**Data records:**
BEGIN

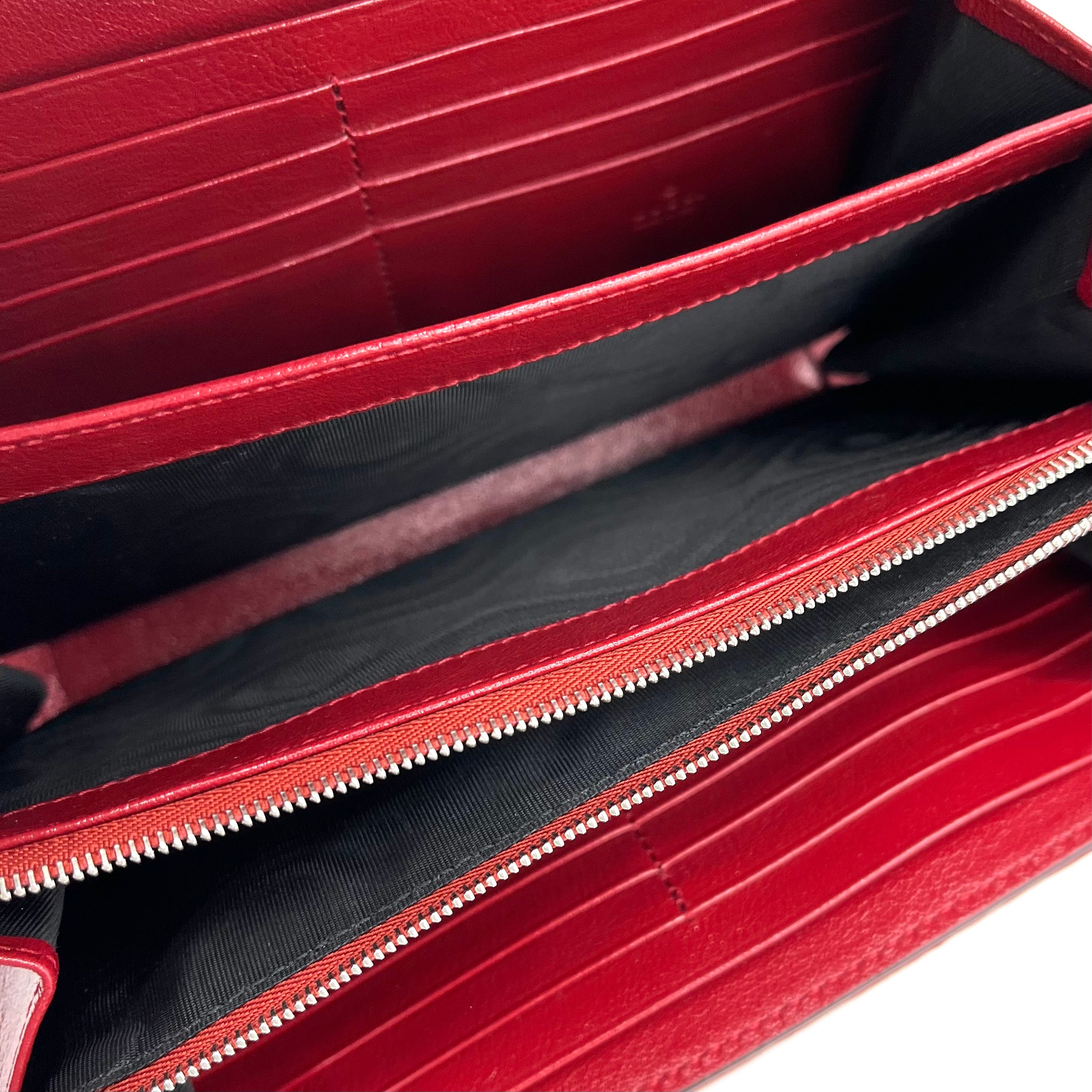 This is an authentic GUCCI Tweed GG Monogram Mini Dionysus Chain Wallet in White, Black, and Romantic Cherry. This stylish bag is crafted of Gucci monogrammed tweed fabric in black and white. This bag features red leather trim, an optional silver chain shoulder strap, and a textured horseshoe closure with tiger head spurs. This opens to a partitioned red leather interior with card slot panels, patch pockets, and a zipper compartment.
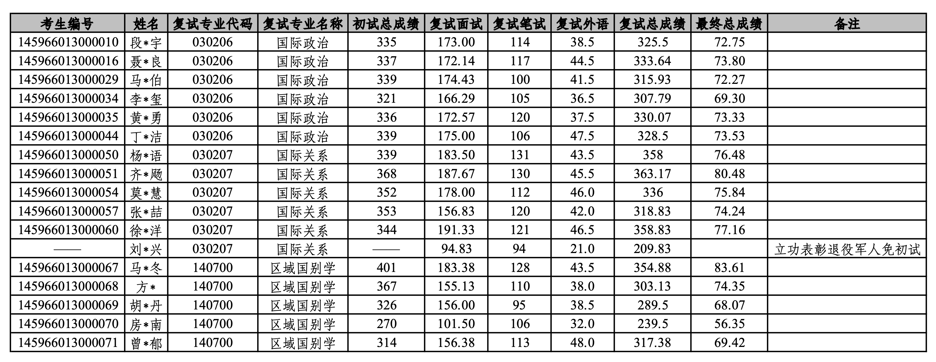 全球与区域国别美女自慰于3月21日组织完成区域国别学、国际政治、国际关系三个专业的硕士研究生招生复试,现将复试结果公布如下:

END
BEGIN

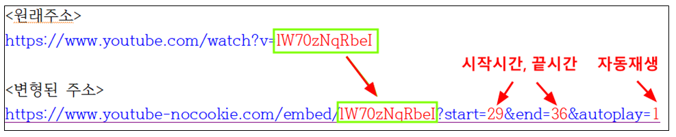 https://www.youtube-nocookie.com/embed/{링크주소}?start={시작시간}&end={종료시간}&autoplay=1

END

The lines to copy exactly start with the line above that has "This is an authentic" and go on through the line that has "全球与区域国别美女自慰于3月"; please include both, add nothing else, and omit the pictures.

**Output of the exercise:**
 This is an authentic GUCCI Tweed GG Monogram Mini Dionysus Chain Wallet in White, Black, and Romantic Cherry. This stylish bag is crafted of Gucci monogrammed tweed fabric in black and white. This bag features red leather trim, an optional silver chain shoulder strap, and a textured horseshoe closure with tiger head spurs. This opens to a partitioned red leather interior with card slot panels, patch pockets, and a zipper compartment.
 全球与区域国别美女自慰于3月21日组织完成区域国别学、国际政治、国际关系三个专业的硕士研究生招生复试,现将复试结果公布如下:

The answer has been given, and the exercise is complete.